Recorded information →
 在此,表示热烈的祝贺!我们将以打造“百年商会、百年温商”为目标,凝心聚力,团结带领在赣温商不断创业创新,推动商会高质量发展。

* * *

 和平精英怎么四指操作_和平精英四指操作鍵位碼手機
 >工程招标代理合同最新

==

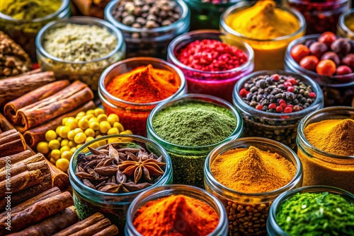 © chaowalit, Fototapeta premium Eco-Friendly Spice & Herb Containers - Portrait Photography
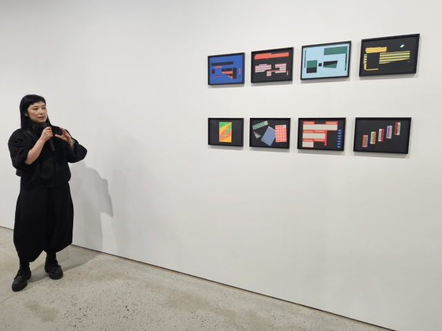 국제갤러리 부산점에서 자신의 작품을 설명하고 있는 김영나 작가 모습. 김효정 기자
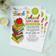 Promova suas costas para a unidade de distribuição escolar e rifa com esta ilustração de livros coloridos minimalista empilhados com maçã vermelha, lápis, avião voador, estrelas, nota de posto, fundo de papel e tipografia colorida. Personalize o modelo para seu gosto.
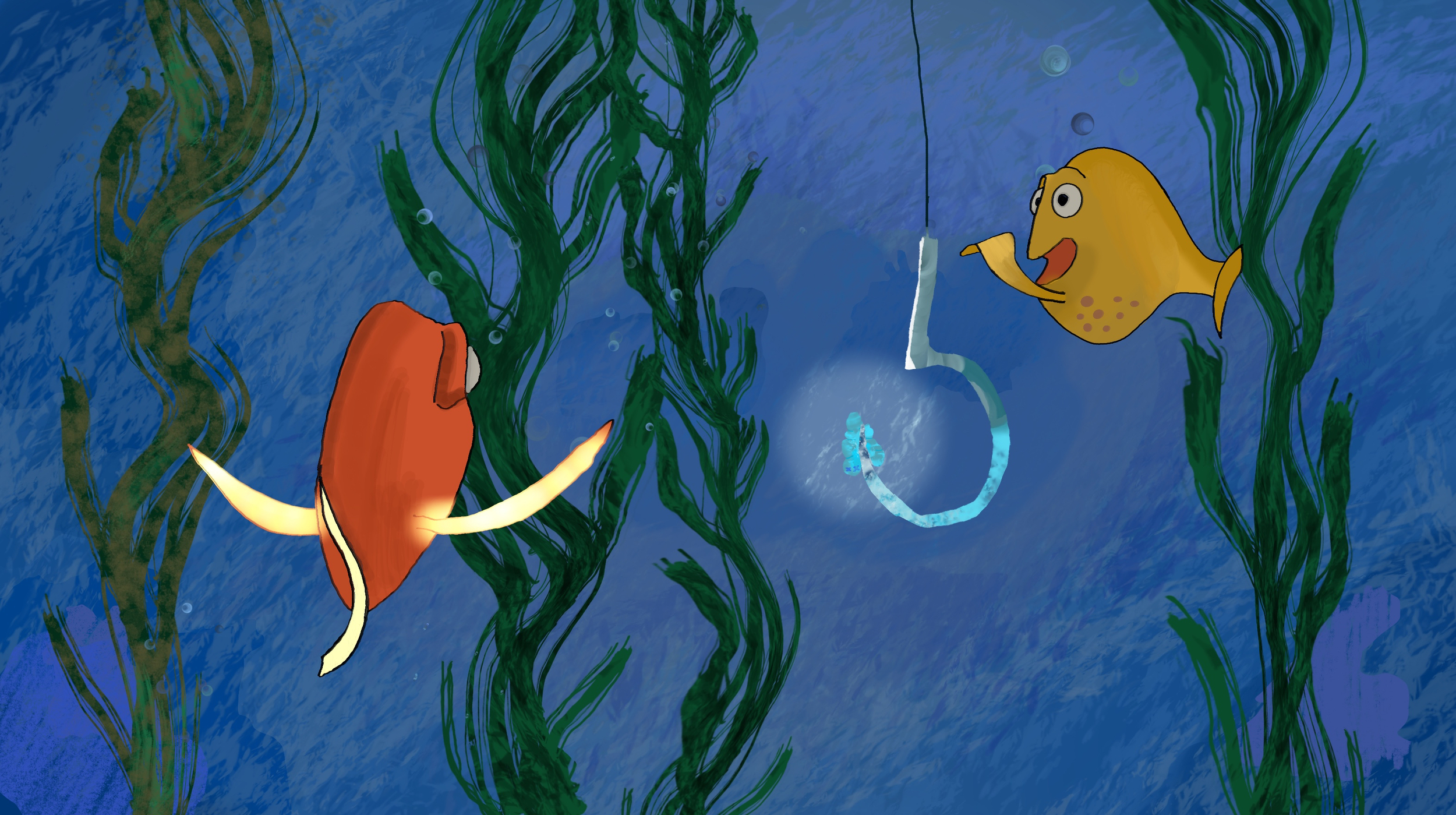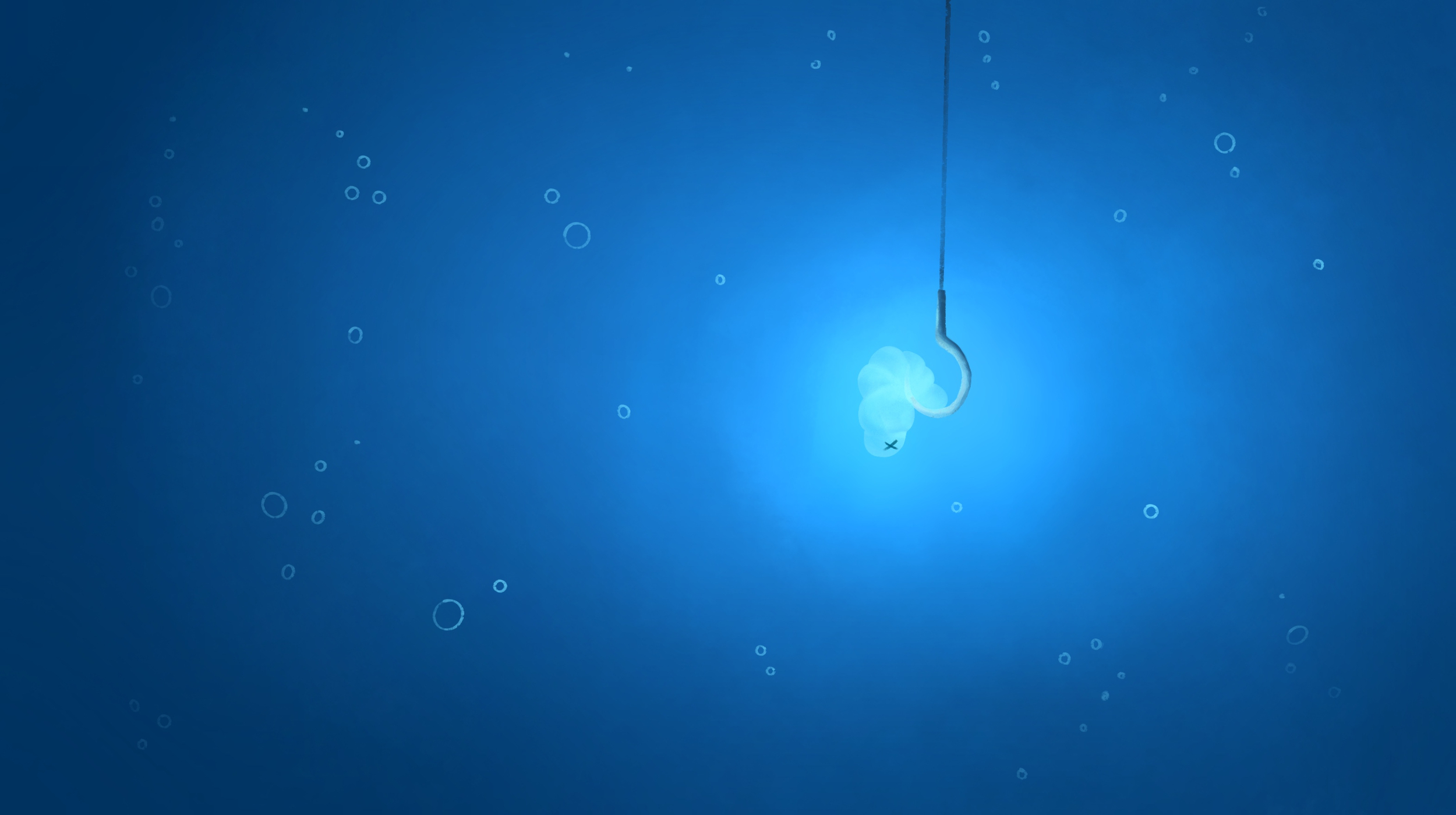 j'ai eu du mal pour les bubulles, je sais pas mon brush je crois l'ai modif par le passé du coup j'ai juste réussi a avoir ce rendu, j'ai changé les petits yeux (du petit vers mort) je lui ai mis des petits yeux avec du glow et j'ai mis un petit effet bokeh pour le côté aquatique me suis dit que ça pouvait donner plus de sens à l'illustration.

Exercise aim → Above are the records; copy from them only the lines starting at the one containing "- Portrait Photography" and ending at the one containing "Promova suas costas", exactly and without pictures.

Output of the task →
 © chaowalit, Fototapeta premium Eco-Friendly Spice & Herb Containers - Portrait Photography
 국제갤러리 부산점에서 자신의 작품을 설명하고 있는 김영나 작가 모습. 김효정 기자
 Promova suas costas para a unidade de distribuição escolar e rifa com esta ilustração de livros coloridos minimalista empilhados com maçã vermelha, lápis, avião voador, estrelas, nota de posto, fundo de papel e tipografia colorida. Personalize o modelo para seu gosto.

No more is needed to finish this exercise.